Being Sara Malkovich

A personal post about single fatherhood, anxiety, and learning to see the world through my baby girl’s eyes

Without running a proper survey—or even asking a single friend—I’m willing to bet there isn’t a parent alive who hasn’t tried, at least once, to see the world through their child’s eyes.

It sounds like the most natural impulse in the world: to know what the person you love most is feeling at any given moment, so you can be there the second they need you.

I experienced it for the first time the very moment Sara came into this world—and to be honest, I have never been more terrified.


The Moment I First Tried to Be “Sara”

I won’t go into the immediate bond I felt with Sara here. Maybe that deserves a post of its own.

But I will say this: the second I looked at her, I saw myself.

She looked so much like me there was no denying it.

I know—it’s a strange thought.

But for a moment it felt like I was looking at me… just smaller. Softer. This time… as a baby girl.

At first, it was magical. Hypnotic. Like something borrowed from a fairy tale.

And then came the next part.

The nightmare part—no less for me than for her.


Welcome to Planet Earth (The Brutal Version)

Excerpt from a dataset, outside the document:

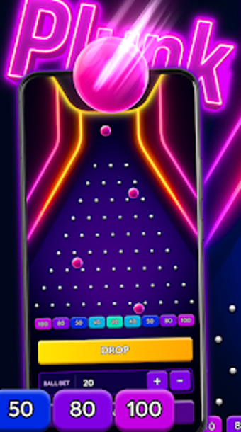 Plynklicker är ett gratis arkadspel för Android som erbjuder en enkel men beroendeframkallande spelmekanik. Spelaren interagerar med en neonfärgad plinko-arena där varje tappning av en knapp kan påverka resultatet. Med en tydlig poängräkning högst upp på skärmen och en enda boll som faller genom en triangel av spikar, skapar spelet en dynamisk och engagerande atmosfär. Spelaren kan justera insatsen med hjälp av +/– kontroller och avsluta när som helst med en ‘FINISH’-knapp, vilket ger flexibilitet i spelandet.

Because suddenly, with absolutely no warning, this helpless little creature is pulled out of the safest, warmest place on Earth… and dropped into a loud, cold world that doesn’t care who you are and doesn’t pause for your confusion.

A world that simply happens to you.

How is it possible that this tiny baby—who literally took her first breath a minute ago—is already being poked with needles?

How is it possible that before she’s even had time to recognize a human face, people feel free to touch her, handle her, flip her around, examine her… as if her brand-new body comes with an “Open for inspection” sticker?

And yes, I know: this is all routine. This is how hospitals work.

But try seeing it through her eyes.

Then came one specific moment that completely broke me.


The Neonatal Unit (And the Moment I Broke)

A nurse in the maternity ward pulled Sara out of her cozy, womb-like wrap with one hand, carried her to the sink, turned on the faucet—and placed her under a strong stream of water so hot the room filled with steam in seconds.

Sara screamed. Sharp. Panicked. Unfiltered.

And the nurse, without even looking at me, casually said:

“It’s fine. They’re used to this temperature.”

I froze.

That was the first time I heard my one-hour-old daughter scream like that.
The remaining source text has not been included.